Since the event status is optional, the FCP device driver writer determines what action is necessary to take upon receiving event status. The writer may decide to save the status and report it back to the calling application, or the FCP device driver or application level program can take error recovery actions.
The adapter fatal hardware failure event is intended to indicate that no further commands to or from this FCP device are likely to succeed, since the adapter it is attached to has failed. It is recommended that the application end the session with the device.
The unrecoverable adapter command failure event is not necessarily a fatal condition, but it can indicate that the adapter is not functioning properly. Possible actions by the application program include:
The SCSI Reset detection event is mainly intended as information only, but may be used by the application to perform further actions, if necessary.
The maximum buffer usage detected event only applies to a given target-mode device; it will not be reported for an initiator-mode device. This event indicates to the application that this particular target-mode device instance has filled its maximum allotted buffer space. The application should perform read system calls fast enough to prevent this condition. If this event occurs, data is not lost, but it is delayed to prevent further buffer usage. Data reception will be restored when the application empties enough buffers to continue reasonable operations. The num_bufs attribute may need to be increased to help minimize this problem. Also, it is possible that regardless of the number of buffers, the application simply is not processing received data fast enough. This may require some fine tuning of the application's data processing routines.
The FCP-device driver asynchronous event-handling routine is typically called directly from the hardware interrupt-handling routine for the FCP adapter device driver. The FCP device driver writer must be aware of how this affects the design of the FCP device driver.
Since the event handling routine is running on the hardware interrupt level, the FCP device driver must be careful to limit operations in that routine. Processing should be kept to a minimum. In particular, if any error recovery actions are performed, it is recommended that the event-handling routine set state or status flags only and allow a process level routine to perform the actual operations.
The FCP device driver must be careful to disable interrupts at the correct level in places where the FCP device driver's lower execution priority routines manipulate variables that are also modified by the event-handling routine. To allow the FCP device driver to disable at the correct level, the FCP adapter device driver writer must provide a configuration database attribute that defines the interrupt class, or priority, it runs on. This attribute must be named intr_priority so that the FCP device driver configuration method knows which attribute of the parent adapter to query. The FCP device driver configuration method should then pass this interrupt priority value to the FCP device driver along with other configuration data for the device instance.
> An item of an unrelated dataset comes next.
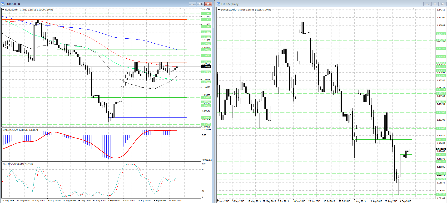 Курс валюты зажат между скользящей средней с периодом 144 (уровень сопротивления 1.1085) с одной стороны и средних с периодами 34 и 55 (уровни поддержки 1.1028 и 1.1020) с другой, и в данный момент слился со средней с периодом 89.

The FCP device driver writer must follow any other general system rules for writing a routine which must execute in an interrupt environment. For example, the routine must not attempt to sleep or wait on I/O operations. It can perform wakeups to allow the process level to handle those operations.
Since the FCP device driver copies the information from the scsi_event_info.events field on each call to its asynchronous event-handling routine, there is no resource to free or any information which must be passed back later to the FCP adapter device driver.